Happily Ever After

Life in The Rural Retreat with a beautiful wife, three cats, garden wildlife, a camera, a computer – and increasing amounts about running

Earlier posts can be found on Adventures of a Lone Bass Player, where this blog began life. Recent entries can be found here.

 


Rockin' In The Hebrides

by Russell Turner - 15:48 on 04 August 2016

It’s summer. It’s August. It’s raining. The Black Isle Show will have been a moist affair today. Yesterday was not as bad but still inclement enough to have put a bit of a damper on the Skye Highland Games at Portree.
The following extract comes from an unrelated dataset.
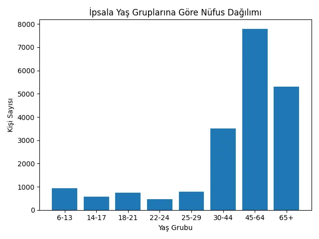 Veriler incelendiğinde İpsala’da özellikle 18-29 yaş grubunun toplam nüfus içindeki payının daha sınırlı olduğu, buna karşılık 45 yaş üzeri nüfusun oldukça yüksek olduğu görülüyor.

Maybe that’s why the community centre, venue of the after-games dance, was only lightly filled at the beginning of festivities – most people were home changing into dry clothes.

Spared of the need to transport our PA, City Limits needed just two cars to move personnel, one hanger-on, and instruments the 110 miles from Inverness to Port Rìgh where, after a lengthy soundcheck overseen by the local provider of amplification services, we sought out and eventually found our accommodation at Rhu an Dunain, cunningly hidden outside town at the end of several twisty roads.

After a warm welcome at the former B&B, pressed into service by event organisers because Skye was fully booked, we dumped bags and returned to Portree for food, Sam and I keen to sample the delights of the Taste of India – a venue embraced with varying degrees of enthusiasm by the rest of the group. It turned out to be a fine choice, with food just as good as its sister restaurant outside Kyleakin.

Fed and watered, or wined and dined according to inclination, we strolled across to the community centre to discover Sheepshank Redemption well into their ceilidh-based set but being mostly ignored by the smattering of punters inside the hall. The lack of enthusiasm continued after we took their place for our first set, but having been warned that this was the usual state of affairs we didn’t worry.

More people had arrived in time for the ceilidh band’s second set, which featured much unskilled ethnic dance in the body of the hall, and even more people by the time we concluded the evening with our second set which ended at one o’clock with an enthusiastic audience shouting for more. They should have got there earlier.

We’re out again on Friday night, back at our favourite venue of Johnny Foxes, and with fingers crossed that not everyone has gone to the nearby Belladrum music festival. With luck I’ll have recovered from Hebridean travel by then.